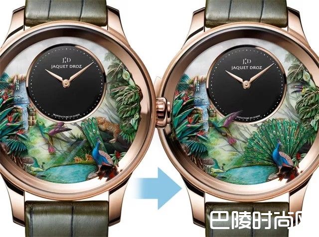 雅克德罗(Jaquet Droz)继2012年推出卓越非凡的自动玩偶腕表后,再次呈献自热带景观汲取灵感的全新杰作。以动态雀鸟及其它动物颂赞自然之美,令人叹为观止,再次突破想象力的边界。
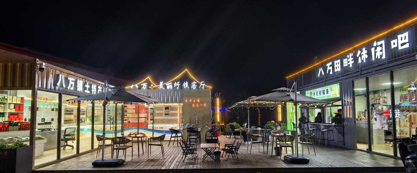 八萬鎮(zhèn)以美麗圩鎮(zhèn)“七個(gè)一”建設(shè)為核心抓手,打破“單一展示”思維定式,將美麗圩鎮(zhèn)客廳打造為多業(yè)態(tài)聚合、多功能集成的鎮(zhèn)域核心樞紐,串聯(lián)周邊優(yōu)質(zhì)公共服務(wù)資源,精心打造“便民生活圈”。圩鎮(zhèn)客廳整合電商驛站、農(nóng)產(chǎn)品展示、休閑娛樂三大核心業(yè)態(tài),“一站式”滿足群眾多元需求:休閑餐吧已建成運(yùn)營,提供輕食茶飲、本土特色小吃等服務(wù),成為群眾日常小聚、休閑放松的優(yōu)選場(chǎng)所;農(nóng)產(chǎn)品展銷區(qū)集中陳列老水雞、文德單叢茶、牛大力等本土特色產(chǎn)品,打造極具辨識(shí)度的本土品牌窗口;電商驛站嵌入客廳核心區(qū)域,整合直播帶貨、線上銷售等服務(wù),全面打通產(chǎn)品上行銷售渠道。此外,以圩鎮(zhèn)客廳為核心,串聯(lián)八萬文體廣場(chǎng)、草地公園、休閑步道和綜合文化站,構(gòu)建群眾休閑集聚區(qū);整合綜合市場(chǎng)、便民充電站、農(nóng)商銀行、供電所等公共資源,打造綜合服務(wù)平臺(tái)。如今,無論是老人晨起健身、青年創(chuàng)業(yè)增收、家庭周末小聚,還是群眾往來辦事,圩鎮(zhèn)客廳均以多元功能滿足不同群體需求,真正成為群眾“愿來、愛來、常來”的生活聚集地與情感共鳴地。
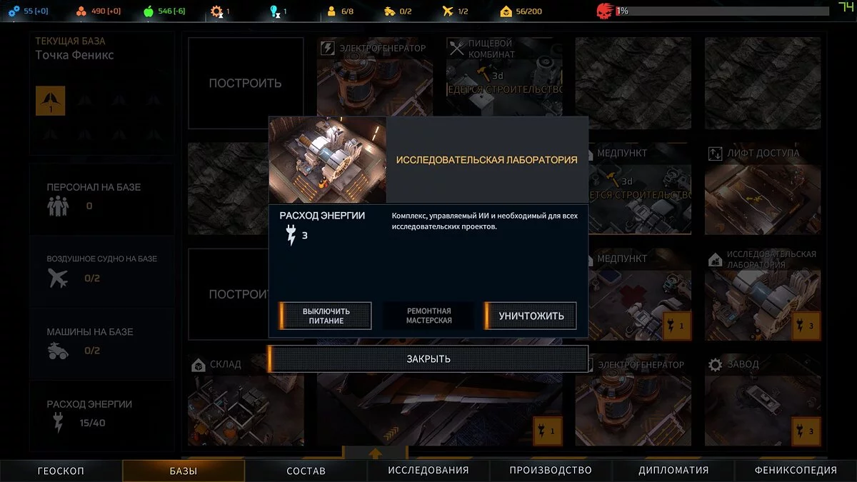Оставаясь лишь с одной «Исследовательской лабораторией» вы рискуете навредить общему росту организации. Однако уже встроенного в базу комплекса будет достаточно для дальнейшего исследования, хоть и сам процесс будет не очень быстрым.
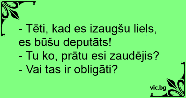 - Tēti, kad es izaugšu liels, es būšu deputāts!
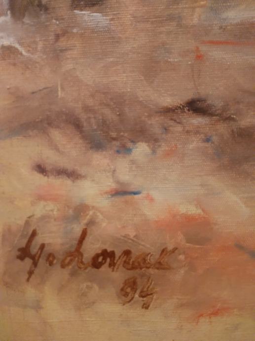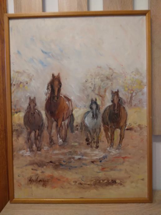 Prodaje se slika konja,ulje na platnu sa potpisom autora.Dimezije slike bez okvira 53.5 x 72,sa okvirom 57 x75.5.

→ WHAT THE EXERCISE ASKS:
Set the pictures aside and reproduce exactly the lines above, from the line holding "Оставаясь лишь с" through the line holding "- Tēti, kad", both included, with nothing else.

→ TASK SOLUTION:
Оставаясь лишь с одной «Исследовательской лабораторией» вы рискуете навредить общему росту организации. Однако уже встроенного в базу комплекса будет достаточно для дальнейшего исследования, хоть и сам процесс будет не очень быстрым.
 - Tēti, kad es izaugšu liels, es būšu deputāts!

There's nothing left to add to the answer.